McLemore v. Mid-South Agri-Chemical Corp. (In Re Judkins)

41 B.R. 369, 39 U.C.C. Rep. Serv. (West) 1018, 1984 Bankr. LEXIS 5226
CourtUnited States Bankruptcy Court, M.D. Tennessee
DecidedAugust 10, 1984
DocketBankruptcy No. 283-01082, Adv. No. 283-0472
StatusPublished
Cited by20 cases

This text of 41 B.R. 369 (McLemore v. Mid-South Agri-Chemical Corp. (In Re Judkins)) is published on Counsel Stack Legal Research, covering United States Bankruptcy Court, M.D. Tennessee primary law. Counsel Stack provides free access to over 12 million legal documents including statutes, case law, regulations, and constitutions.

Bluebook
McLemore v. Mid-South Agri-Chemical Corp. (In Re Judkins), 41 B.R. 369, 39 U.C.C. Rep. Serv. (West) 1018, 1984 Bankr. LEXIS 5226 (Tenn. 1984).

Opinion

MEMORANDUM

KEITH M. LUNDIN, Bankruptcy Judge.

The trustee’s complaint seeks to recover Payment-in-Kind (“PIK”) certificates of entitlement owing to the debtors. The issues are: (1) whether PIK payments constitute crop “proceeds;” and (2) whether the debtors’ assignment of PIK wheat payments to one of the defendants constitutes a preferential transfer. After consideration of the briefs, arguments and stipulations, the court holds that PIK entitlements are “proceeds,” and the assignment of wheat PIK to Mid-South Agri-Chemical Corporation (“Mid-South”) constituted a preferential transfer. However, Mid-South holds a properly perfected security interest in the debtors’ corn PIK, the Farmers Home Administration (“FmHA”) holds a perfected security interest in PIK for the debtors’ wheat crop, and these security interests are enforceable post-bankruptcy.

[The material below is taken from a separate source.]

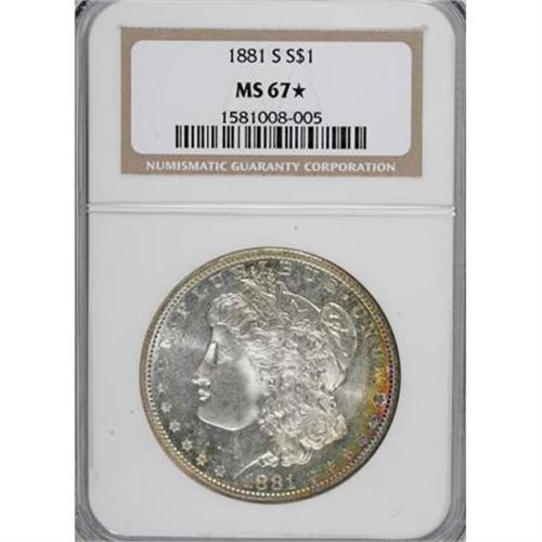 <B>1881-S $1 MS67 <img border='0' src='http://www.heritagecoins.com/images/star.gif' width=10 height=10> NGC.</B></I> This flashy Superb Gem is mostly brilliant, but has beautiful arcs of powder-blue, lemon, and fire-red along the lower right obverse border. Sharply struck, as usual for an '81-S, and the cheek is immaculate.<BR><BR><B>Coin Engraver:</B> George T. Morgan<BR><BR><b>Shipping:</b> Coins & Currency (<a target="_blank" href="http://www.heritageauctions.com/common/shipping.php">view shipping information</a>)

The following constitute findings of fact and conclusions of law as required by Bankruptcy Rule 7052.

I.

The facts are stipulated. On April 27, 1983, William Earl and Glenda F. Judkins (“debtors”) filed a voluntary Chapter 11 petition. Prior to the filing, the debtors farmed several parcels of leased property in DeKalb County, Tennessee.

Mid-South is a creditor holding a security interest in the debtors’ corn crop. Mid-South’s security interest was perfected June 2, 1982 and extends to “proceeds” of the corn crop.

FmHA is a creditor holding a security interest in “all crops, annual and perennial, and other plant products now planted, *371 growing or grown, or which are hereafter planted or otherwise become growing crops or other plant products” of the debtors. The FmHA perfected its security interest on June 23, 1982 and June 24, 1982. The financing statements covered all “proceeds” from the debtors’ crops.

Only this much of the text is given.